We conclude that the firm must be disqualified. The record establishes not only that the firm has represented Siegel on a variety of personal and business matters over a 25-year period, but also that the firm had an ongoing attorney-client relationship with Siegel while it was representing plaintiffs in their action against him. During the relevant time period, Siegel sought the firm’s advice concerning two legal matters, *1024and an attorney in the firm met with and advised Siegel. Further, the firm was annually updating the books of a corporate client wholly owned by Siegel, and was storing Siegel’s will in the firm’s vault. Additionally, Siegel’s will named a partner in the firm as contingent executor of Siegel’s estate. That fact, by itself, establishes an ongoing fiduciary relationship between the firm and Siegel (cf., Carro, Spanbock, Raster & Cuiffo v Rinzler, 1992 WL 196758, 9 [SD NY, Aug. 6, 1992, Lowe, J.]). With respect to that relationship, there is no difference between legal and nonlegal services rendered by an attorney, and it does not make any difference that the transaction could have been handled by a lay person (see, NCR Org. v Bregman, 542 F2d 128; Cord v Smith, 338 F2d 516, 524; Canadian Gulf Lines v Triton Intl. Carriers, 434 F Supp 691, 694, n 2). For the purposes of evaluating whether a conflict exists, all services rendered by an attorney for a client are characterized as legal services (see, Cord v Smith, supra). A law firm may not represent one client in litigation against another client (see, Cinema 5 v Cinerama, Inc., 528 F2d 1384, 1386; Greene v Greene, 47 NY2d 447, 451; Code of Professional Responsibility DR 5-105 [A], [B] [22 NYCRR 1200.24 (a), (b)]; EC 5-1, 5-14, 5-15 ["(a) lawyer should never represent in litigation multiple clients with differing interests”]).

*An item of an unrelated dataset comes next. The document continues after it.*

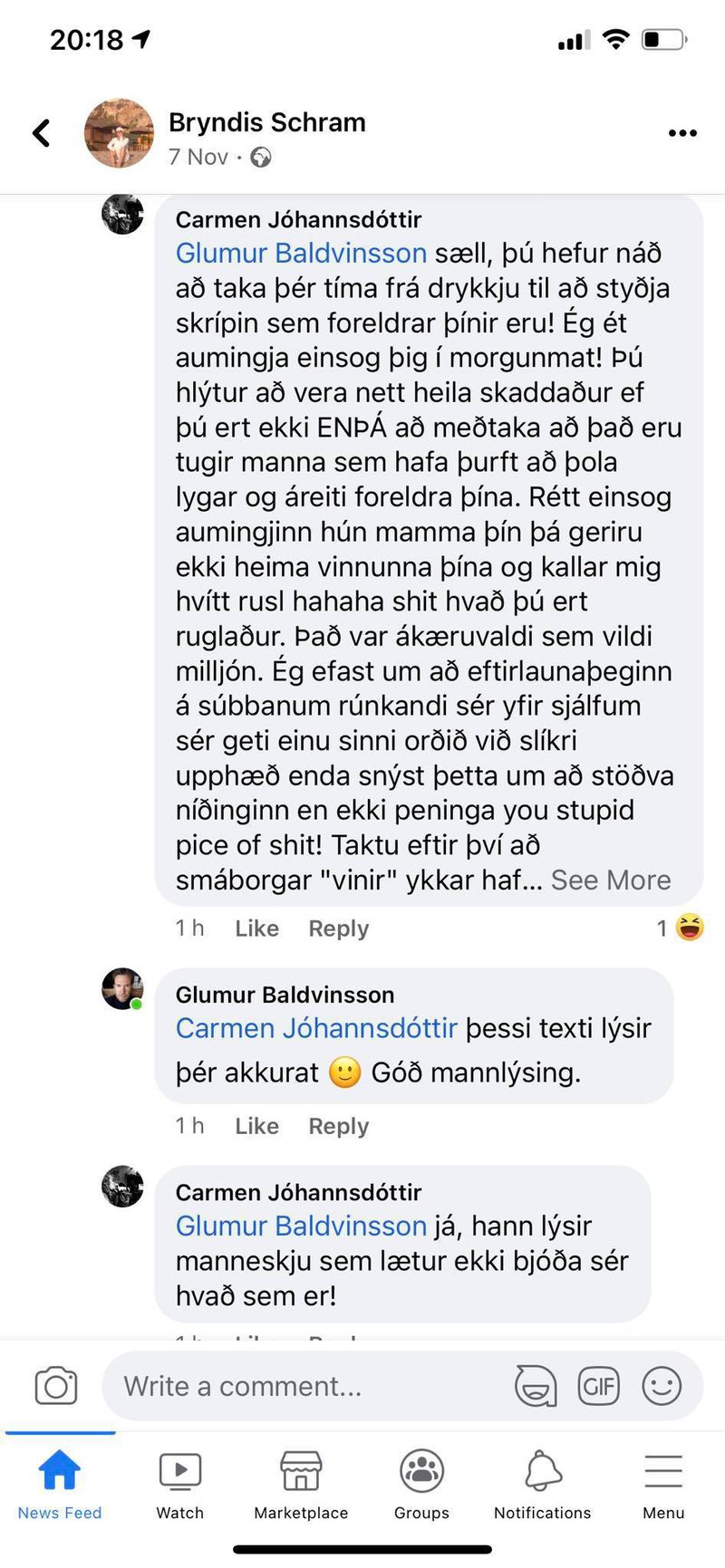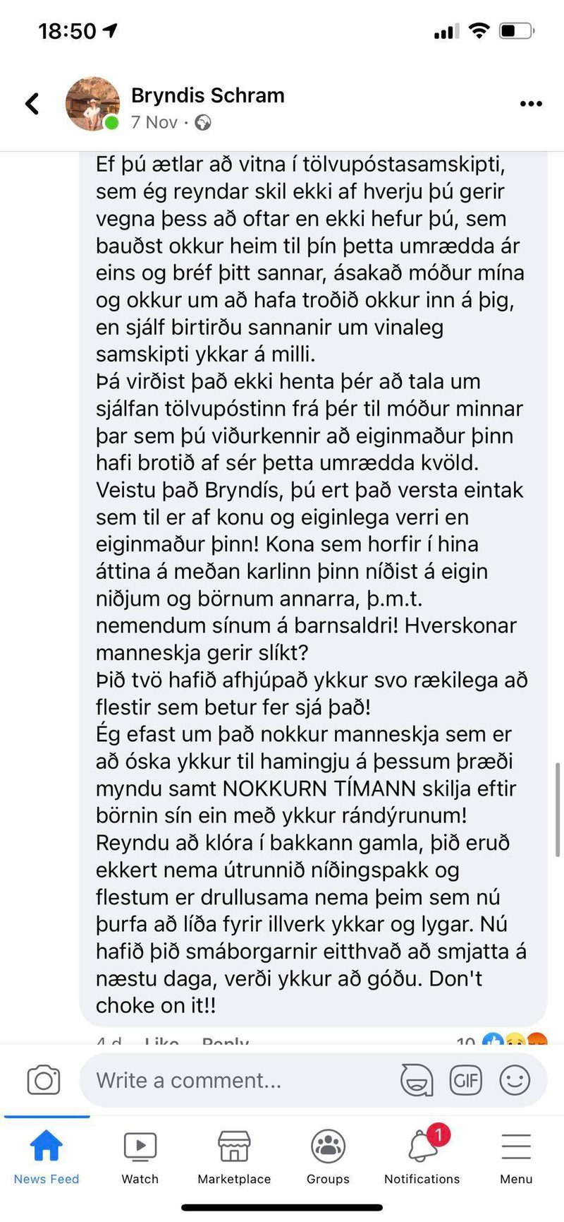 „Saklaus móðir mín fékk hrottalegan póst frá konunni sem sakar föður minn um rassastroku utanklæða og nú heldur áfram fyrir dómstólum. Pósturinn var svo illgjarn og beindist ekkert að föður mínum heldur móður. Sjá skjáskot fyrir neðan af skrifum hennar sem ég fann með hjálp vinar,“ skrifar Glúmur.

Even if we were to conclude that Siegel is not a current client of the firm, this case nevertheless presents circumstances in which the firm must be disqualified from representing plaintiffs against Siegel. As a result of its long-time representation of Siegel, it is "reasonable to infer that [the firm] gained some information about [the] former client of some value to [the] present client” (Silver Chrysler Plymouth v Chrysler Motors Corp., 370 F Supp 581, 589, affd 518 F2d 751; see, Matter of Hof, 102 AD2d 591, 594), and that the firm is in a position to exploit such information to the disadvantage of either client (see, Code of Professional Responsibility DR 4-101 [A], [B] [22 NYCRR 1200.19 (a), (b)]; DR 5-108 [A] [2] [22 NYCRR 1200.27 (a) (2)]). Consequently, disqualification is necessary to avoid the potential for prejudice and the appearance of impropriety (see, Matter of Hof, supra, at 594-595; Colonie Hill v Duffy, 86 AD2d 645, 646; see also, T.C. Theatre Corp. v Warner Bros. Pictures, 113 F Supp 265, 268-269, rearg denied 125 F Supp 233). (Appeals from Order of Supreme Court, Monroe County, Galloway, J.—Disqualify Law Firm.) Present —Denman, P. J., Green, Fallon, Wesley and Doerr, JJ.